Input for this task:
______________________________
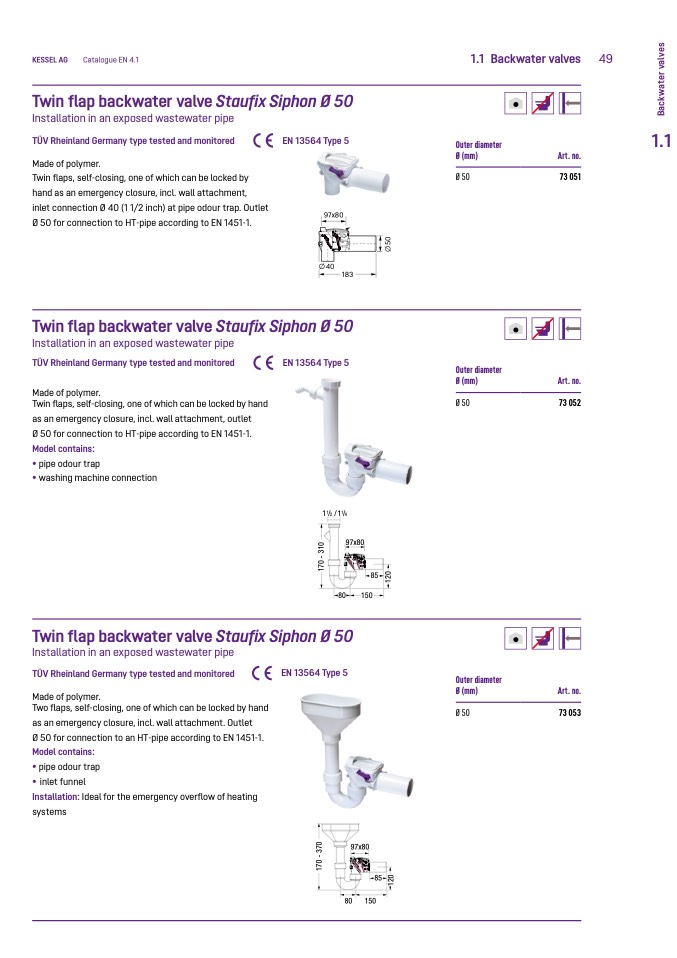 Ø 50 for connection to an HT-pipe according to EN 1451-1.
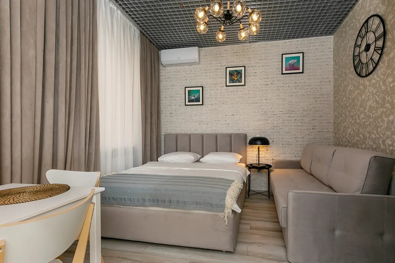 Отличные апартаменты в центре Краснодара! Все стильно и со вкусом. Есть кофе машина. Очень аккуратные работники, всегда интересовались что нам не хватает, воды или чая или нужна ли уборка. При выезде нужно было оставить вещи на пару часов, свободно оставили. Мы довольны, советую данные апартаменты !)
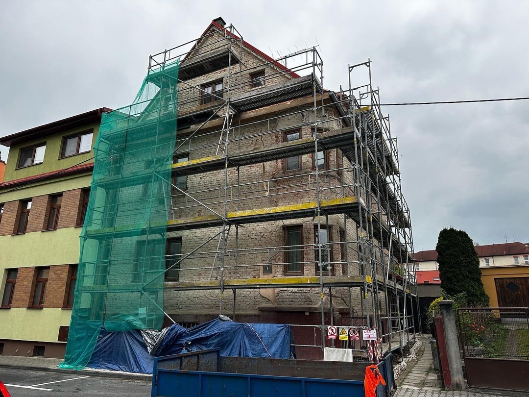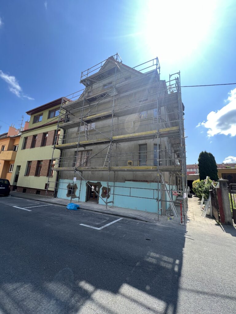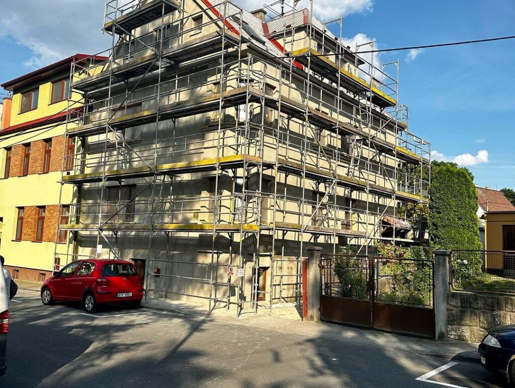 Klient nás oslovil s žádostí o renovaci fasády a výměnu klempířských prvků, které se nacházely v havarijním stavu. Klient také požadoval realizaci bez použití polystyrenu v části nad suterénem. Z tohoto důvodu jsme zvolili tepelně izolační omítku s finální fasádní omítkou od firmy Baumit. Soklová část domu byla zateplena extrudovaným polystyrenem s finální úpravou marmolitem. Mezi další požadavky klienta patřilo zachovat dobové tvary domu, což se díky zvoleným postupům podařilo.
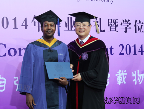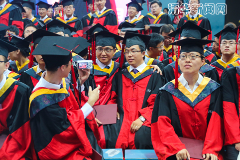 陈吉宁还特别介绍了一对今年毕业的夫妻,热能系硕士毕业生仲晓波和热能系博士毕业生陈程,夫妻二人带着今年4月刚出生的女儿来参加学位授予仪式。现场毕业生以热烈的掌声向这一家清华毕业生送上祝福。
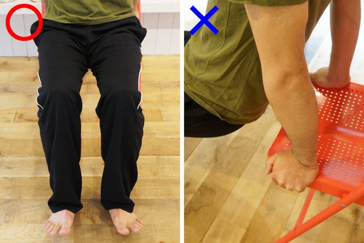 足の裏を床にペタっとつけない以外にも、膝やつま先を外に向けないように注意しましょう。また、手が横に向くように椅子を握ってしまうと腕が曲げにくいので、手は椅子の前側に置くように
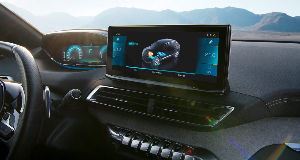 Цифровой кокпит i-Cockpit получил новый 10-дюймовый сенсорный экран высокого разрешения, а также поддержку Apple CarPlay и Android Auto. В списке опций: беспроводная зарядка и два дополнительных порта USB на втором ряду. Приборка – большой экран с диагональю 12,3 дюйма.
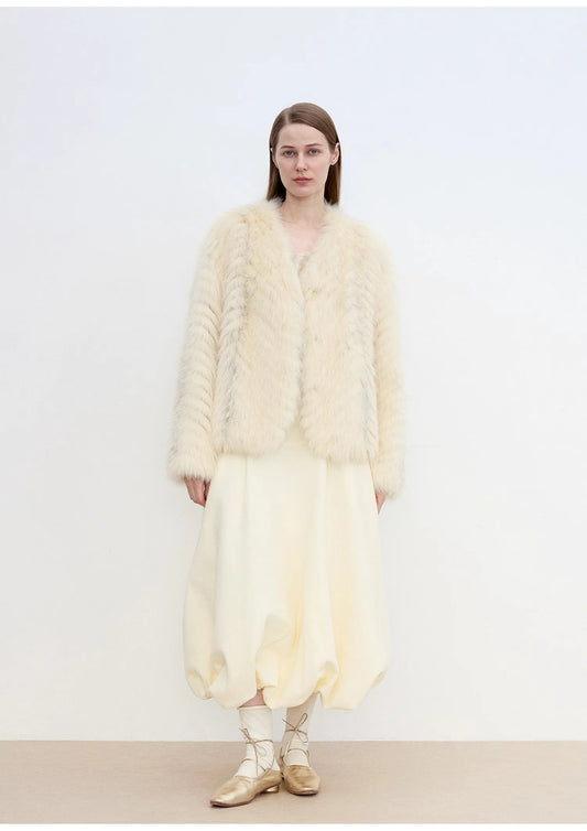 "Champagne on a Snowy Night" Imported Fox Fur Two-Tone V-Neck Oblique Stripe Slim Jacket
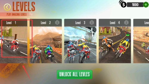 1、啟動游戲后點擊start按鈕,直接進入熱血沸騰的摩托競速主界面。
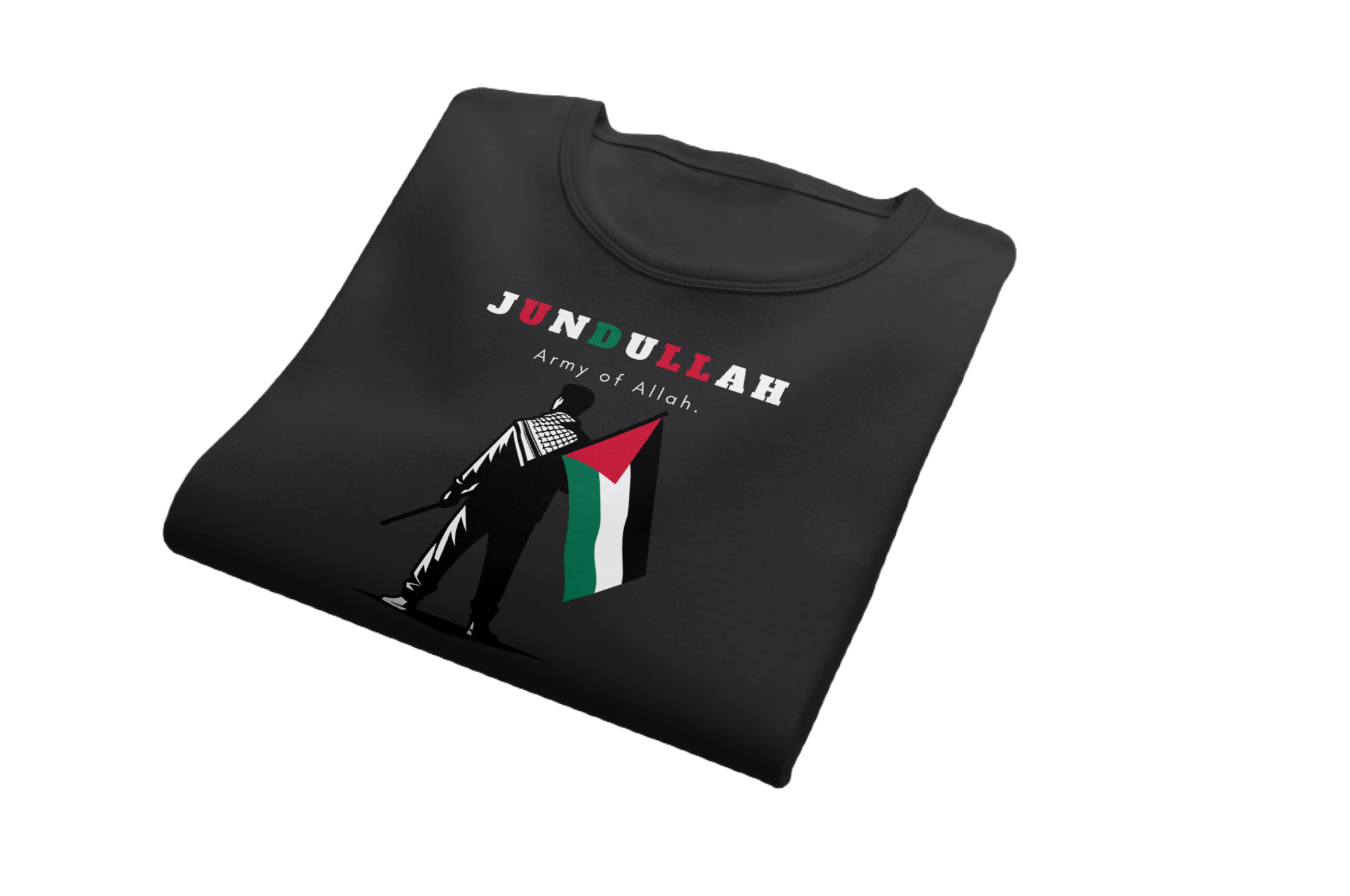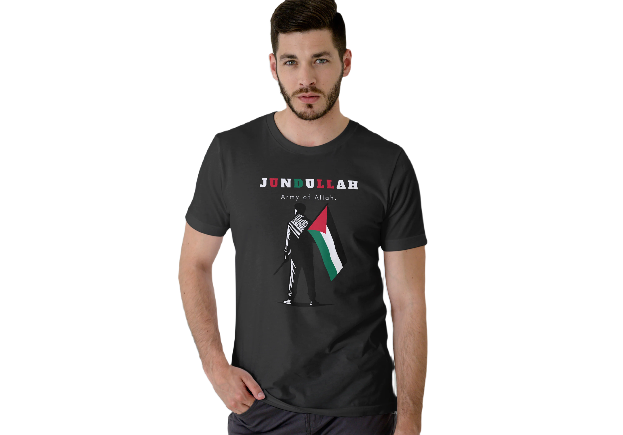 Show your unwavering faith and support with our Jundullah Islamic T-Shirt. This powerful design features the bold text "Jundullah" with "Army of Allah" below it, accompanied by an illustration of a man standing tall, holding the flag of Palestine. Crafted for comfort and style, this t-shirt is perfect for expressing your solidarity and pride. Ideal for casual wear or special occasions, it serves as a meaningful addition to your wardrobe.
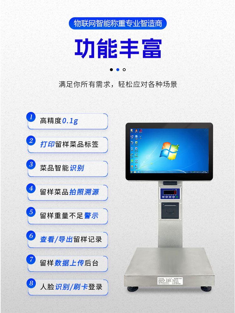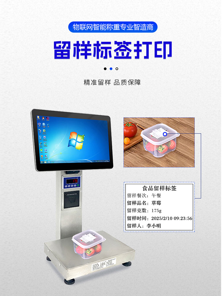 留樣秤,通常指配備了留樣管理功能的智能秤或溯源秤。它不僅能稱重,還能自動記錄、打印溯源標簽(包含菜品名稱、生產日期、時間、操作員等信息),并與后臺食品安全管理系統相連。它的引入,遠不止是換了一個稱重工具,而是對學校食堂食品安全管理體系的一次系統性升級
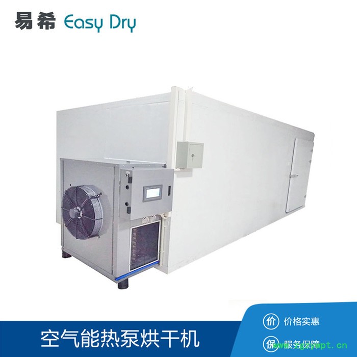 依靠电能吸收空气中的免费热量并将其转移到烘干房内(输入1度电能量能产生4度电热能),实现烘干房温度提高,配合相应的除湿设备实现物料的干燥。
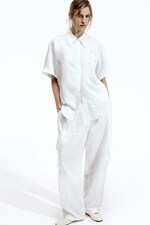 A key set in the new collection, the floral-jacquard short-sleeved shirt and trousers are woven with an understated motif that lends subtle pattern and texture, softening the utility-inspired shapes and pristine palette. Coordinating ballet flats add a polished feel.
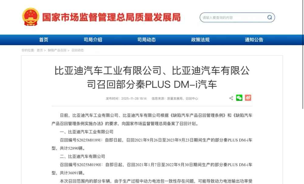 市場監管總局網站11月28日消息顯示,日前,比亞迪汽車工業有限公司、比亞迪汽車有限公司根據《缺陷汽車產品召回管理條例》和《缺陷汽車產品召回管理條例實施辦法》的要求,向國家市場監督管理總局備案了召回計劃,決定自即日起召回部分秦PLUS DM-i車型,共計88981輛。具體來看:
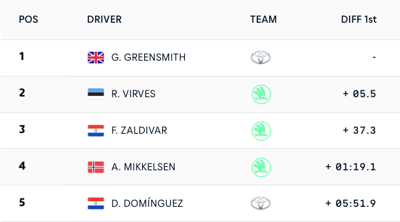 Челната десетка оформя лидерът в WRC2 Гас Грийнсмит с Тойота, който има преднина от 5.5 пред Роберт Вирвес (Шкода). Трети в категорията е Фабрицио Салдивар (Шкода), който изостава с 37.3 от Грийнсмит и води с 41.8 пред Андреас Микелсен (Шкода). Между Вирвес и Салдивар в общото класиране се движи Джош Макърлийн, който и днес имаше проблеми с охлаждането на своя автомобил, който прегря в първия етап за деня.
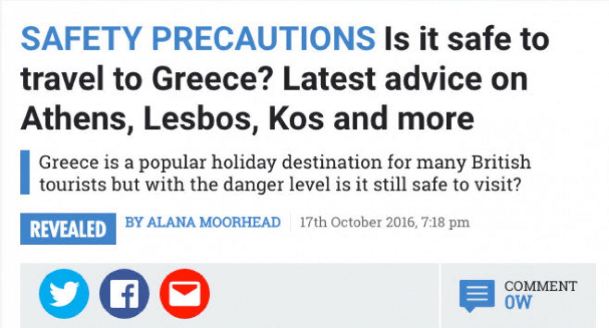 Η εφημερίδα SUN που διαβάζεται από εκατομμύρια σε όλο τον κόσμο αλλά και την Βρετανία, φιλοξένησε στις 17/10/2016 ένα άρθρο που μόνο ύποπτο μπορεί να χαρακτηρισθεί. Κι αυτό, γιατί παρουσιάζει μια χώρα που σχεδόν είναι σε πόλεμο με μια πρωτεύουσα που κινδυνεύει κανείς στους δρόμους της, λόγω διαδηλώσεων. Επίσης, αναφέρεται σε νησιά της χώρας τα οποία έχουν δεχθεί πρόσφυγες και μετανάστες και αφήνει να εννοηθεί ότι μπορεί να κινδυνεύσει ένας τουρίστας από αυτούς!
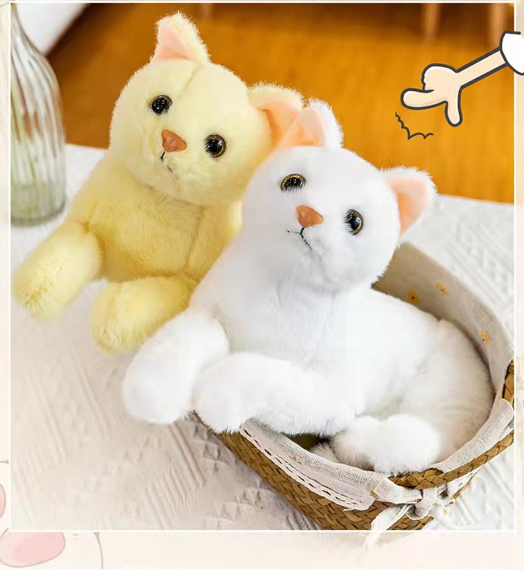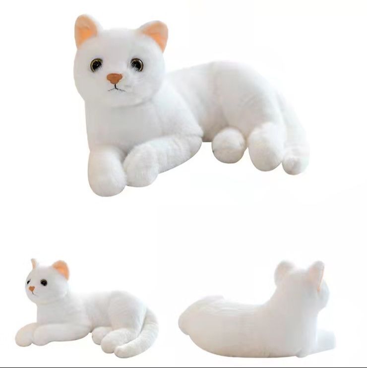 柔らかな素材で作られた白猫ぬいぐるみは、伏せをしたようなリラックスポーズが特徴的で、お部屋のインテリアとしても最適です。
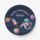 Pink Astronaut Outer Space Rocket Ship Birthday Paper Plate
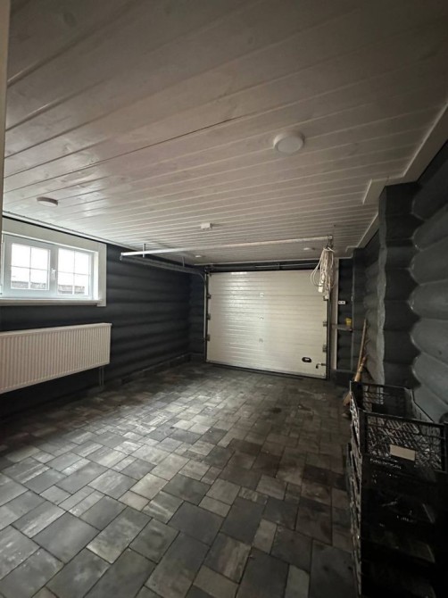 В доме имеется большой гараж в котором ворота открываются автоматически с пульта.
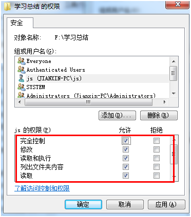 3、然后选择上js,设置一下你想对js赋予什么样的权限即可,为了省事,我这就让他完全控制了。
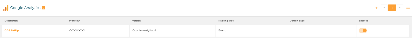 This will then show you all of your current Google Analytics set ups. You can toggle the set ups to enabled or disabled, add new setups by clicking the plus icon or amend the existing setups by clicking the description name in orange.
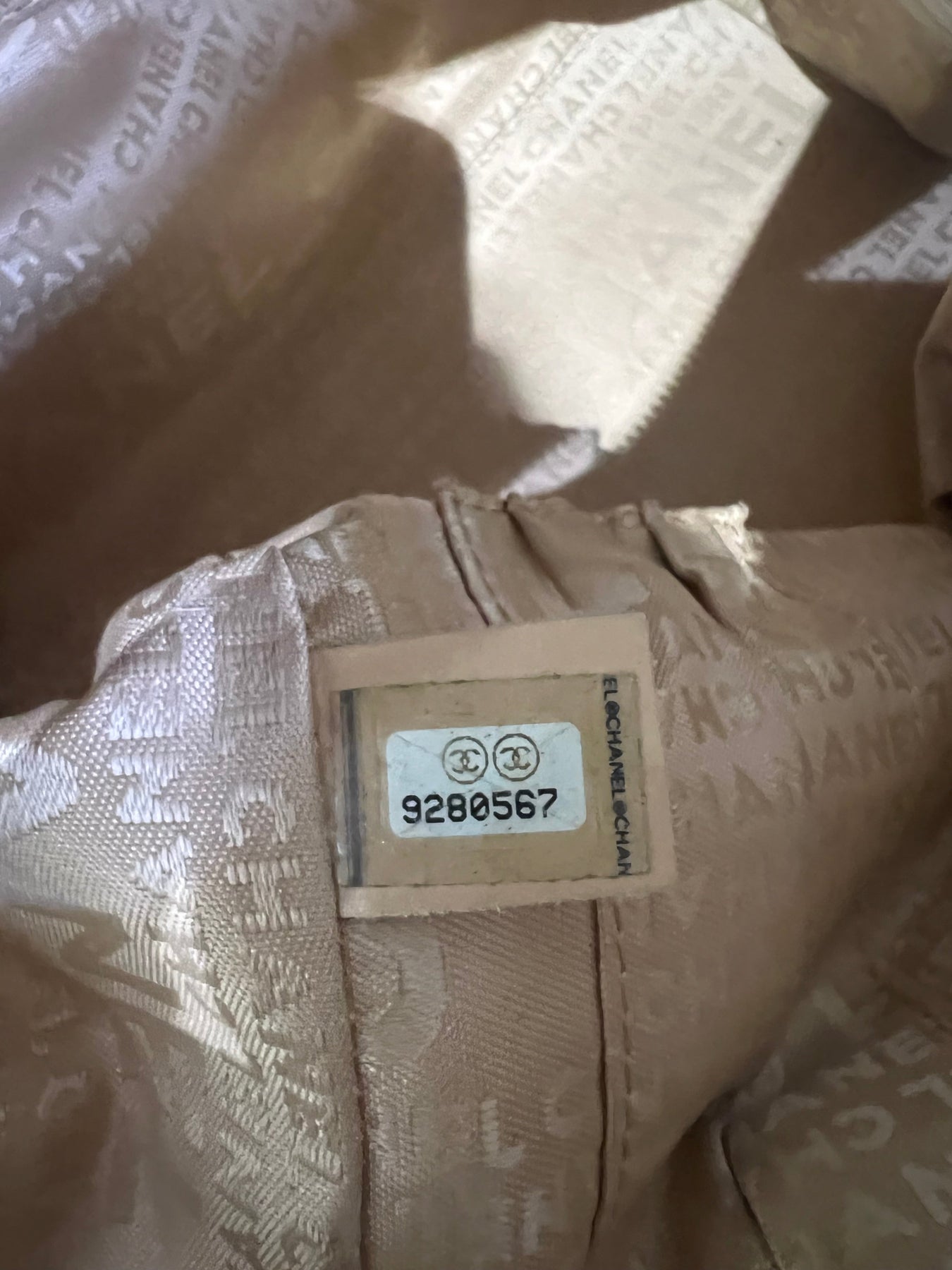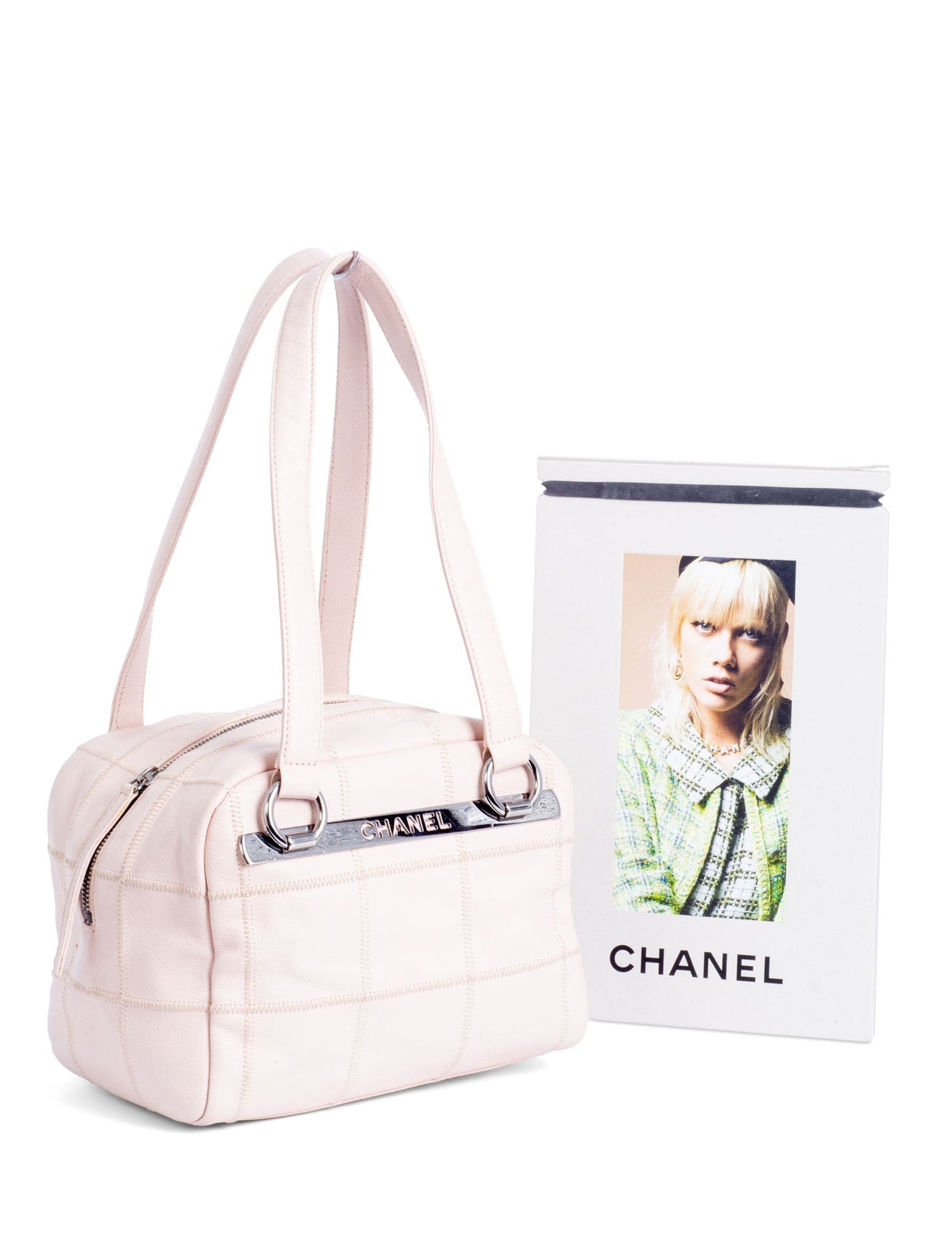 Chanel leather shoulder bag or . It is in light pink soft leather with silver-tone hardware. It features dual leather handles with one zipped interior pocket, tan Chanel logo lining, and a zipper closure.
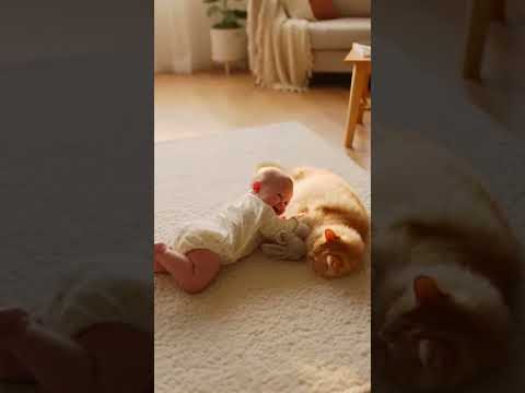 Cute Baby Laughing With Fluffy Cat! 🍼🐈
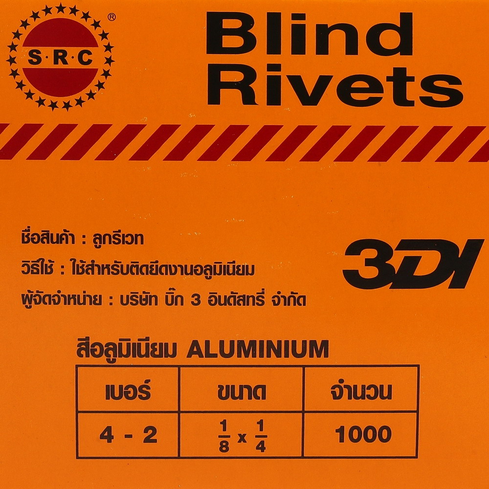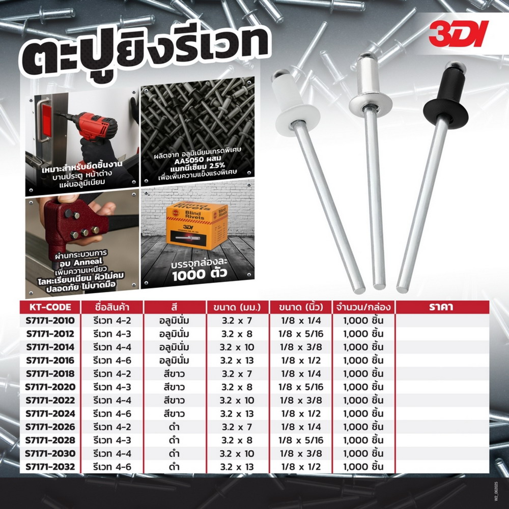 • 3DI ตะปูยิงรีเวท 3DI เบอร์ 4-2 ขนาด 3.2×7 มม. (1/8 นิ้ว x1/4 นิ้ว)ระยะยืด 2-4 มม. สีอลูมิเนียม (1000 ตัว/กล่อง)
______________________________
Work instruction:
Starting at the line above that contains "Pink Astronaut Outer", transcribe every line exactly through the line that contains "3、然后选择上js,设置一下", including that last one, and skip the pictures.

Answer to this exercise:
 Pink Astronaut Outer Space Rocket Ship Birthday Paper Plate
 В доме имеется большой гараж в котором ворота открываются автоматически с пульта.
 3、然后选择上js,设置一下你想对js赋予什么样的权限即可,为了省事,我这就让他完全控制了。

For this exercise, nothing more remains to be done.